The deal will see RD’s manufacturing services combined with ABL’s production of viral vectors to provide end-to-end services for cell and gene therapy companies. The agreement will allow customers to have the option to use each company as a single supplier and work with each CDMO independently.
“ABL’s partnership with RD-Biotech is a major step forward in enabling our company to roll out our ‘Gene to Cell’ strategy, aimed at offering all-in-one services to our customers whatever their needs are in Adeno Associated Virus-based (AAV) and lentivirus GMP manufacturing,” said Thierry Van Nieuwenhove, CEO of ABL, in a statement.
The move comes as RD is planning to open a new facility next year to manufacture plasmid DNA and ABL is producing an “in-house AAV platform” along with opening a new facility to produce gene therapies.
Landmark Bio has opened a new biomanufacturing facility in Watertown, MA.
The 44,000-square-foot facility will test and manufacture cell and gene therapies made by the company and has eight cleanrooms to produce cell therapies, viral vectors, mRNA and lipid nanoparticles. It also has an area for fill-and-finish operations and QC testing.
The facility will also provide services such as drug development, regulatory counseling and other support services. It also has around 60 staff members at present and will look to grow to 100 over the coming years.
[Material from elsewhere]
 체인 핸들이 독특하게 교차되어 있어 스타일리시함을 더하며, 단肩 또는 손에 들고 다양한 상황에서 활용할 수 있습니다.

“Landmark Bio is a unique venture bringing together the best of academia, industry, and research hospitals to translate groundbreaking research into life-changing therapies,” said Ran Zheng, Landmark Bio’s CEO, in a
statement
.
Mylan Institutional is pulling its octreotide acetate injection, in 500ml dosage, off the shelves.
The
recall
is being issued, according to the FDA, due to a “product complaint” of glass particles in a syringe. The drug was made by Italfarmaco SpA, Italy, and was distributed by Mylan Institutional LLC in the US between Jan. 11 and June 21 of this year.
The drug is used to reduce blood levels of growth hormone and insulin growth in acromegaly patients as well as treat patients with metastatic carcinoid tumors in certain cases.
While the presence of glass in an intravenous drug can lead to several issues, including irritation, swelling, allergic reactions and microvascular obstructions, the FDA has so far not received any reports of “adverse reactions” for the recalled drugs.
The FDA is encouraging wholesalers and retailers to examine inventory to see if the drug lot is in stock or has been distributed.